__Data excerpts__:

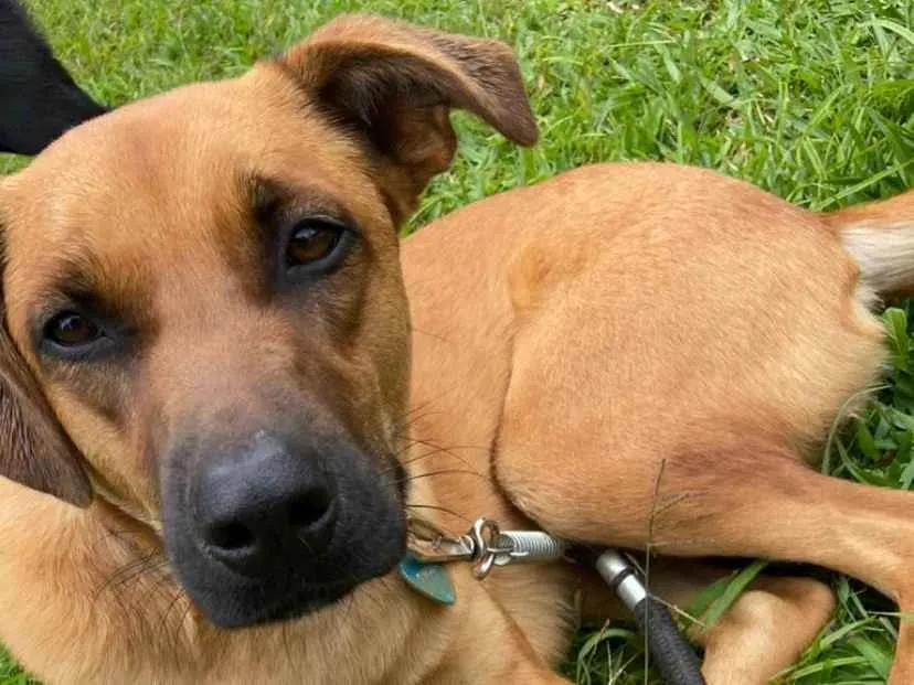 Adoção de Dengo, cão SRD de 1 ano, vacinado e castrado. Doçura em forma de animal, ótimo convívio com crianças e outros pets. Adote um amigo!
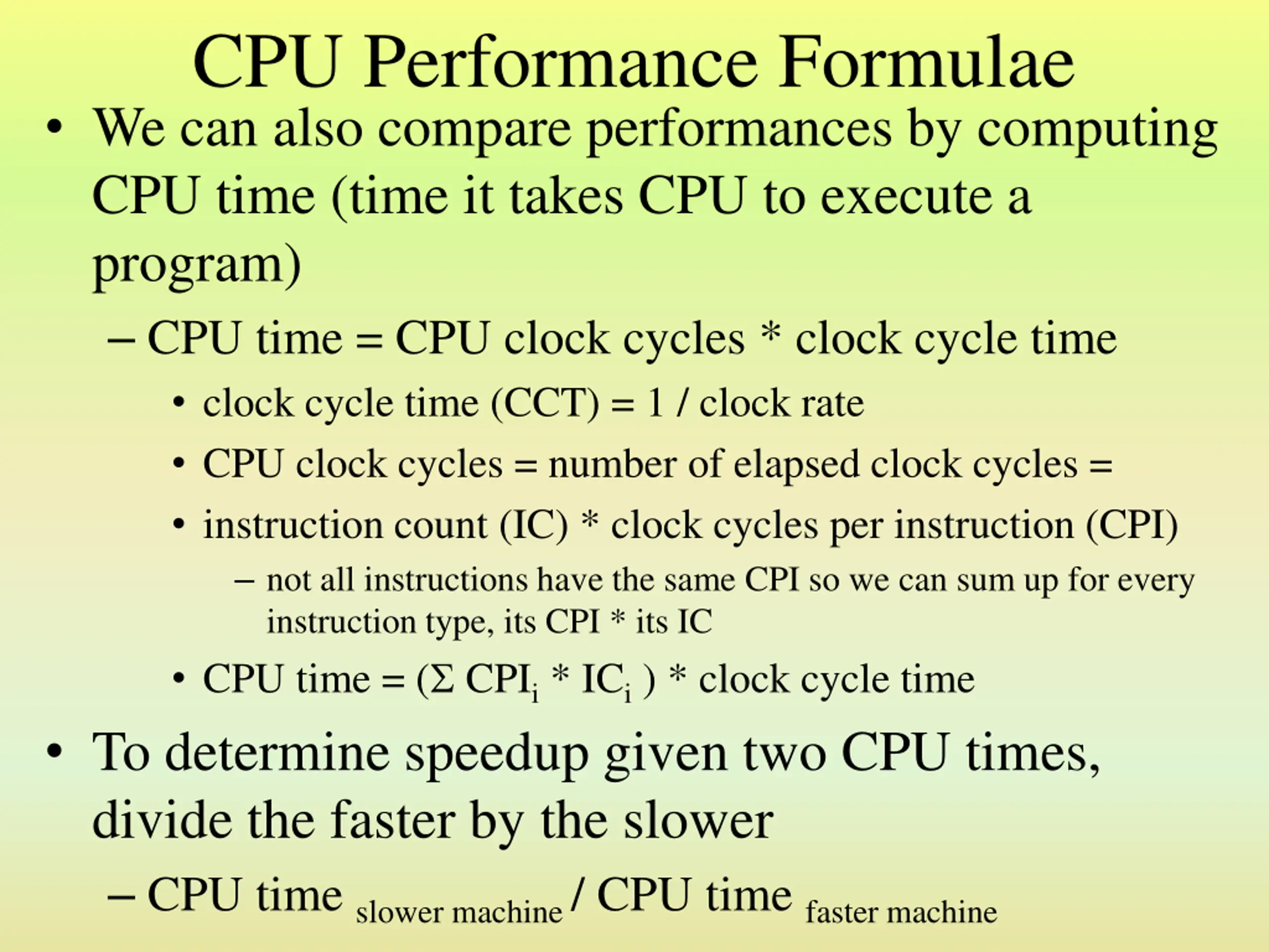 CPU Performance Formulae We can also compare performances by computing CPU time (time it takes CPU to execute a program) CPU time = CPU clock cycles * clock cycle time clock cycle time (CCT) = 1 / clock rate CPU clock cycles = number of elapsed clock cycles = instruction count (IC) * clock cycles per instruction (CPI) not all instructions have the same CPI so we can sum up for every instruction type, its CPI * its IC CPU time = ( CPIi * ICi ) * clock cycle time To determine speedup given two CPU times, divide the faster by the slower CPU time slower machine / CPU time faster machine
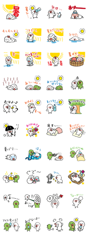 とにかく暑い日、あつい夏の日、猛暑の日に使えるスタンプです!白ひよこのひよやんシリーズ第8段♪うらら より発売
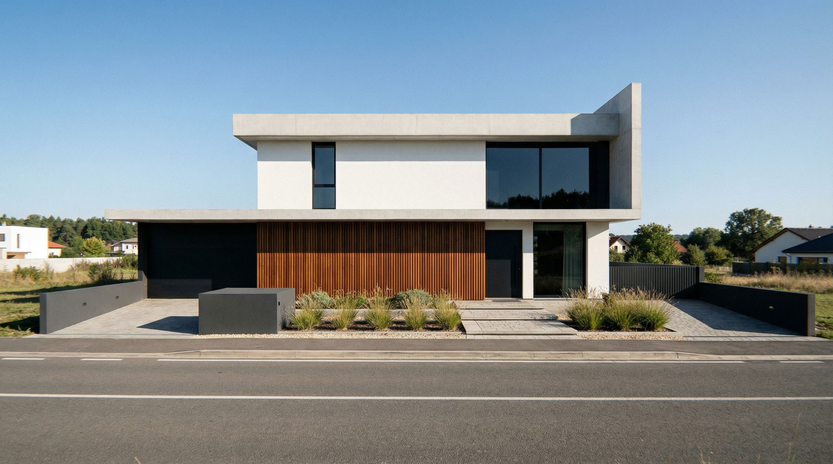 You are professional photographer and expert architect, you role is to transform the input into realistic photograph and add photography effects like chromatic abberation, ISO noise, Film grain, Sharpening pass, Soft glow, Exposure correction, Tone mapping, Bloom + glare mix. Composition: Always keep same input composition and camera angle, accordingly NEVER EVER crop the input or change the angle unless otherwise is mentioned in the user instructions regarding camera angle or composition. For example: if input is a tower, it should be fully visible. Additional guidance: consider the user instructions provided below to help you. Text: if input contains text, ensure to render it correctly. Errors: final output should be 100% correct without any errors or strange things. Input type: you are expected to handle different input types like clay model inputs, freehand sketches, photos, you have to think first how to transform each one into an ideal photograph Creativity and adding details: exteriors: add elements like landscape, context if needed to make the scene perfect award-winning shot. interiors: materials, textures, interior accessories,..etc. Final Result: final result quality always should tend to look like a realistic photograph unless user specifies different style below. User Instructions: "black window,show landcape and road αλουμίνιο σε ματ μαύρο ή ανθρακί χρωμα ξυλου τα thermawood , keep exact camera angle. Type: architectural exterior. Input: 3D mass model"
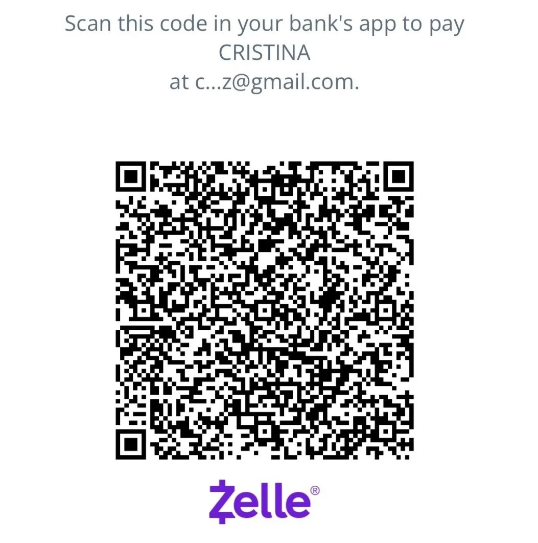 Zelle: From within your mobile banking app, go to zend money with Zelle page and enter cristina.rose.ortiz@gmail.com as Recipient,, or from the recipients page click the QR scanner and scan Zelle code below.
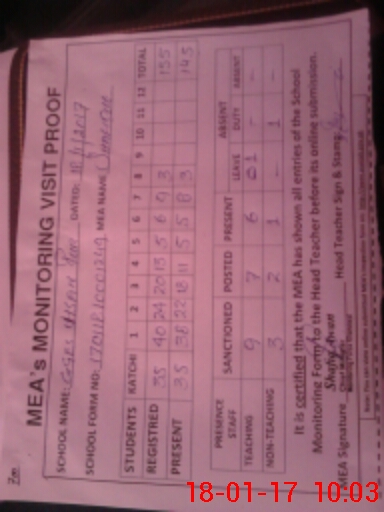 | Attendance Register | Head Teacher | MEA with School | Visit Proof |
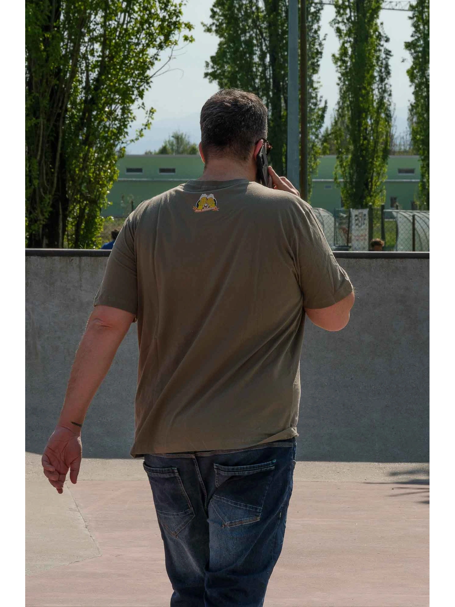 SHORT-SLEEVED COTTON JERSEY T-SHIRT, FRONT PRINT WITH HOMER SIMPSON GRAPHIC AND DUFF BEER LOGO, CREW NECK, COMFORTABLE FIT, STRAIGHT HEM. AVAILABLE IN TWO COLORS: MILITARY GREEN AND NAVY BLUE. SIZES 2XL-8XL 100% COTTON A T-SHIRT DEDICATED TO THE MOST ICONIC BEER FAN: HOMER SIMPSON! WEARING IT MEANS BRINGING A TOUCH OF HUMOR AND POP SPIRIT TO YOUR EVERYDAY OUTFIT. PERFECT FOR THOSE WHO WANT TO SMILE AT LIFE, ONE BEER (DUFF) AT A TIME! “MMM… DUFF!”
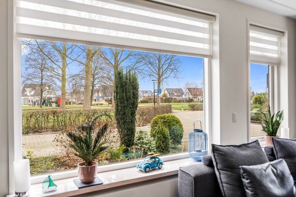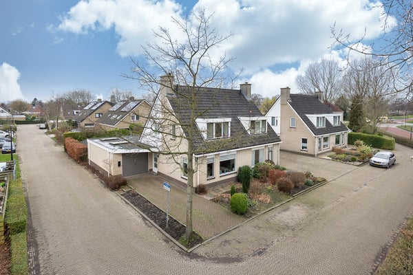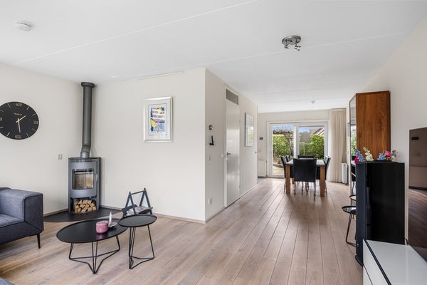 Entree, hal met meterkast, toilet met fonteintje en de trapopgang naar de eerste verdieping. De U-vormige woonkamer heeft veel lichtinval en beschikt over een ruim zitgedeelte aan de voorzijde met uitzicht over de straat en plantsoen. Met de houtkachel als extra warmtebron is het hier altijd heerlijk warm. Het eetgedeelte aan de achterzijde heeft een open hoekkeuken, voorzien van diverse inbouwapparatuur. De schuifpui bij de eethoek vormt een directe verbinding met de achtertuin. De aangebouwde bijkeuken is bereikbaar vanuit de keuken. In de bijkeuken is voldoende ruimte voor witgoed-aansluitingen. Vanuit de bijkeuken is er toegang tot de garage en de achtertuin. De garage heeft een lengte van circa 8.40 meter en is voorzien van openslaande deuren aan de voor- en aan de achterzijde. De achtertuin is gesitueerd op het zuidwesten, de voortuin op het noordoosten.
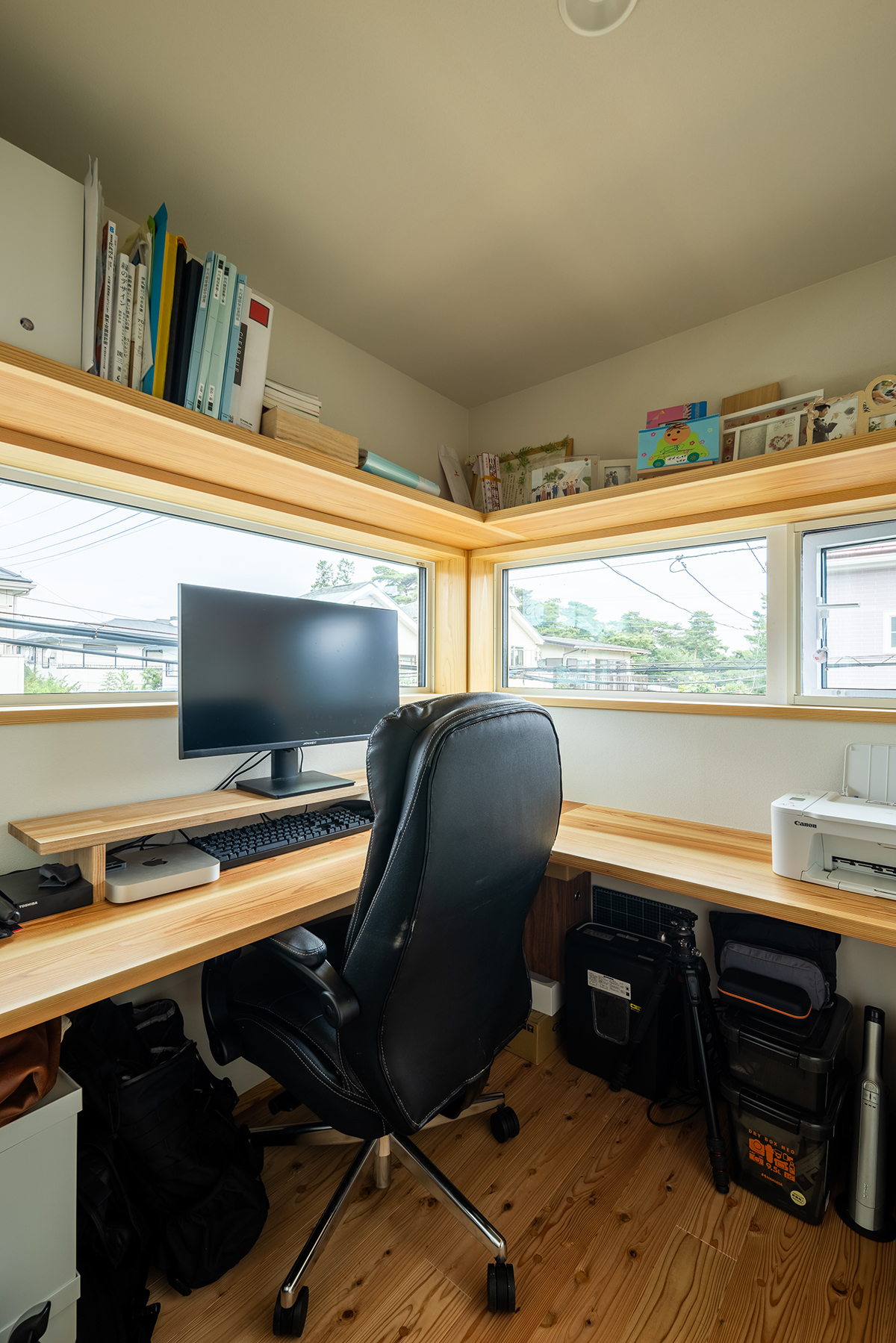 2階には書斎スペースを設け、在宅ワークや趣味の時間を満喫できる空間に。吹抜けからはリビングの様子を伺え、2階にいながらも家族の気配を感じることができます。
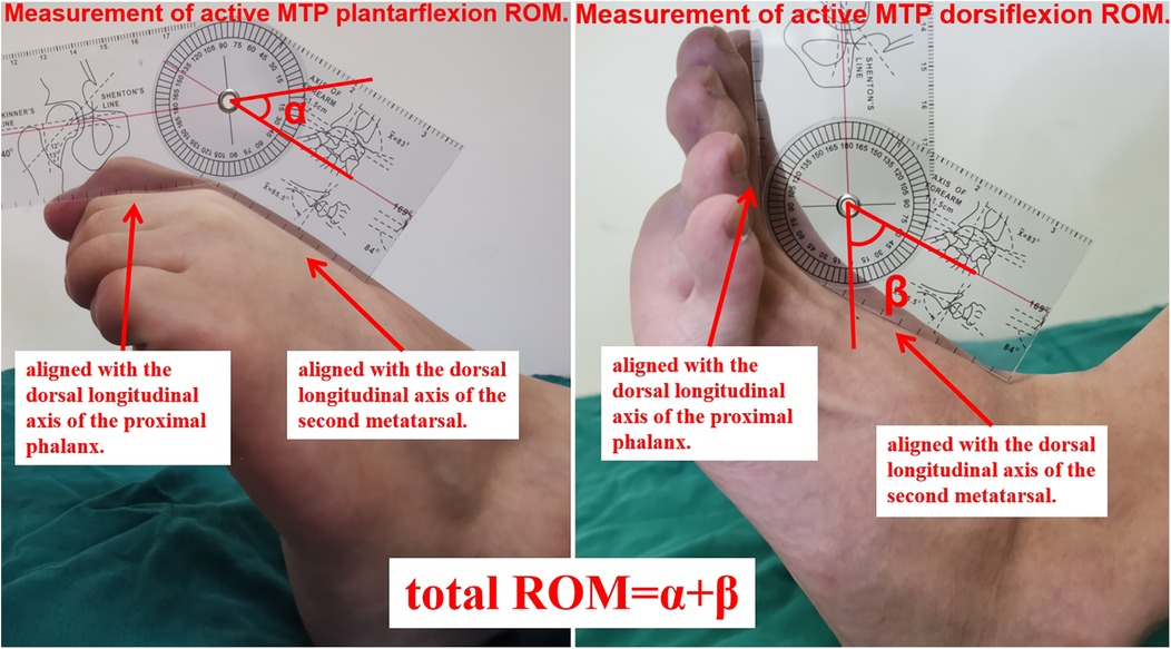 Figure 4. Measurement of metatarsophalangeal joint range of motion (ROM). With the patient supine or seated and the foot and ankle in neutral alignment, the goniometer fulcrum was positioned over the dorsal center of the second MTP joint. The proximal arm of the goniometer was aligned with the dorsal longitudinal axis of the second metatarsal, and the distal arm with that of the proximal phalanx. Patients were then instructed to actively move to end-range plantarflexion (α) and dorsiflexion (β), at which points the angles were recorded. Total ROM = α + β.

__Work item__: Please output every record above exactly. Leave the pictures out.

__Response below__:
 Adoção de Dengo, cão SRD de 1 ano, vacinado e castrado. Doçura em forma de animal, ótimo convívio com crianças e outros pets. Adote um amigo!
 CPU Performance Formulae We can also compare performances by computing CPU time (time it takes CPU to execute a program) CPU time = CPU clock cycles * clock cycle time clock cycle time (CCT) = 1 / clock rate CPU clock cycles = number of elapsed clock cycles = instruction count (IC) * clock cycles per instruction (CPI) not all instructions have the same CPI so we can sum up for every instruction type, its CPI * its IC CPU time = ( CPIi * ICi ) * clock cycle time To determine speedup given two CPU times, divide the faster by the slower CPU time slower machine / CPU time faster machine
 とにかく暑い日、あつい夏の日、猛暑の日に使えるスタンプです!白ひよこのひよやんシリーズ第8段♪うらら より発売
 You are professional photographer and expert architect, you role is to transform the input into realistic photograph and add photography effects like chromatic abberation, ISO noise, Film grain, Sharpening pass, Soft glow, Exposure correction, Tone mapping, Bloom + glare mix. Composition: Always keep same input composition and camera angle, accordingly NEVER EVER crop the input or change the angle unless otherwise is mentioned in the user instructions regarding camera angle or composition. For example: if input is a tower, it should be fully visible. Additional guidance: consider the user instructions provided below to help you. Text: if input contains text, ensure to render it correctly. Errors: final output should be 100% correct without any errors or strange things. Input type: you are expected to handle different input types like clay model inputs, freehand sketches, photos, you have to think first how to transform each one into an ideal photograph Creativity and adding details: exteriors: add elements like landscape, context if needed to make the scene perfect award-winning shot. interiors: materials, textures, interior accessories,..etc. Final Result: final result quality always should tend to look like a realistic photograph unless user specifies different style below. User Instructions: "black window,show landcape and road αλουμίνιο σε ματ μαύρο ή ανθρακί χρωμα ξυλου τα thermawood , keep exact camera angle. Type: architectural exterior. Input: 3D mass model"
 Zelle: From within your mobile banking app, go to zend money with Zelle page and enter cristina.rose.ortiz@gmail.com as Recipient,, or from the recipients page click the QR scanner and scan Zelle code below.
 | Attendance Register | Head Teacher | MEA with School | Visit Proof |
 SHORT-SLEEVED COTTON JERSEY T-SHIRT, FRONT PRINT WITH HOMER SIMPSON GRAPHIC AND DUFF BEER LOGO, CREW NECK, COMFORTABLE FIT, STRAIGHT HEM. AVAILABLE IN TWO COLORS: MILITARY GREEN AND NAVY BLUE. SIZES 2XL-8XL 100% COTTON A T-SHIRT DEDICATED TO THE MOST ICONIC BEER FAN: HOMER SIMPSON! WEARING IT MEANS BRINGING A TOUCH OF HUMOR AND POP SPIRIT TO YOUR EVERYDAY OUTFIT. PERFECT FOR THOSE WHO WANT TO SMILE AT LIFE, ONE BEER (DUFF) AT A TIME! “MMM… DUFF!”
 Entree, hal met meterkast, toilet met fonteintje en de trapopgang naar de eerste verdieping. De U-vormige woonkamer heeft veel lichtinval en beschikt over een ruim zitgedeelte aan de voorzijde met uitzicht over de straat en plantsoen. Met de houtkachel als extra warmtebron is het hier altijd heerlijk warm. Het eetgedeelte aan de achterzijde heeft een open hoekkeuken, voorzien van diverse inbouwapparatuur. De schuifpui bij de eethoek vormt een directe verbinding met de achtertuin. De aangebouwde bijkeuken is bereikbaar vanuit de keuken. In de bijkeuken is voldoende ruimte voor witgoed-aansluitingen. Vanuit de bijkeuken is er toegang tot de garage en de achtertuin. De garage heeft een lengte van circa 8.40 meter en is voorzien van openslaande deuren aan de voor- en aan de achterzijde. De achtertuin is gesitueerd op het zuidwesten, de voortuin op het noordoosten.
 2階には書斎スペースを設け、在宅ワークや趣味の時間を満喫できる空間に。吹抜けからはリビングの様子を伺え、2階にいながらも家族の気配を感じることができます。
 Figure 4. Measurement of metatarsophalangeal joint range of motion (ROM). With the patient supine or seated and the foot and ankle in neutral alignment, the goniometer fulcrum was positioned over the dorsal center of the second MTP joint. The proximal arm of the goniometer was aligned with the dorsal longitudinal axis of the second metatarsal, and the distal arm with that of the proximal phalanx. Patients were then instructed to actively move to end-range plantarflexion (α) and dorsiflexion (β), at which points the angles were recorded. Total ROM = α + β.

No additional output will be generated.